Every prehistoric culture appears to have developed its own astronomy. The traditional navigators of Oceania needed to memorize guide stars and to employ them as the bearing markers for island-to-island travel over thousands of kilometers of water. The Carib people of northern South American developed a calendar that relied on the positions of stars relative to each other and to the Sun at times of rising and setting. A bone from the shores of Lake Edward, Zaire and Uganda, may have markings of a lunar calendar, tallied at a time over 8000 years ago, perhaps used to forecast marine activity or the weather; a focus on the Moon continues in Africa today. Chinese astronomical records cut into bones and shells may have begun as early as the twelfth century B.C., well before the Babylonians incised their earliest records on clay.

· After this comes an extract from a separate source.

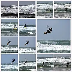 Le kitesurf [7], ou planche aérotractée[1],[2] ou encore kiteboarding, est un sport de glisse consistant à évoluer avec une planche à la surface d'une étendue d'eau en étant tracté par un cerf-volant (kite en anglais) spécialement adapté, nommé aile ou voile. Ce sport a pris son essor au début des années 2000.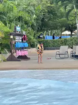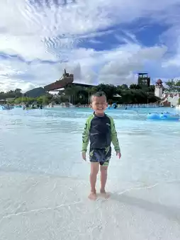💦Lazy River, a whirlpool zone, has a pair of rubber rings for kids and adults to sit on together and float around, enjoying the view. It's very enjoyable.

By the time the Spanish invaded Mesoamerica and South America, the use of astronomy went well beyond complex systems of cycles and calendars. For instance, in some Mayan cities knowledge of the cycles of Venus timed the onset of warfare. In others, key political events incorporated the summer solstice and perhaps conjunctions of Jupiter and Saturn. Ancient Inca city planning and politics embodied astronomy, such as the ceque system of radial lines from the Temple of the Sun in the valley of Cuzco. These lines mark the directions to sacred places as well as to specific astronomical phenomena. The ceque system had a calendric manifestation in knotted cords that tallied the days of the agricultural year.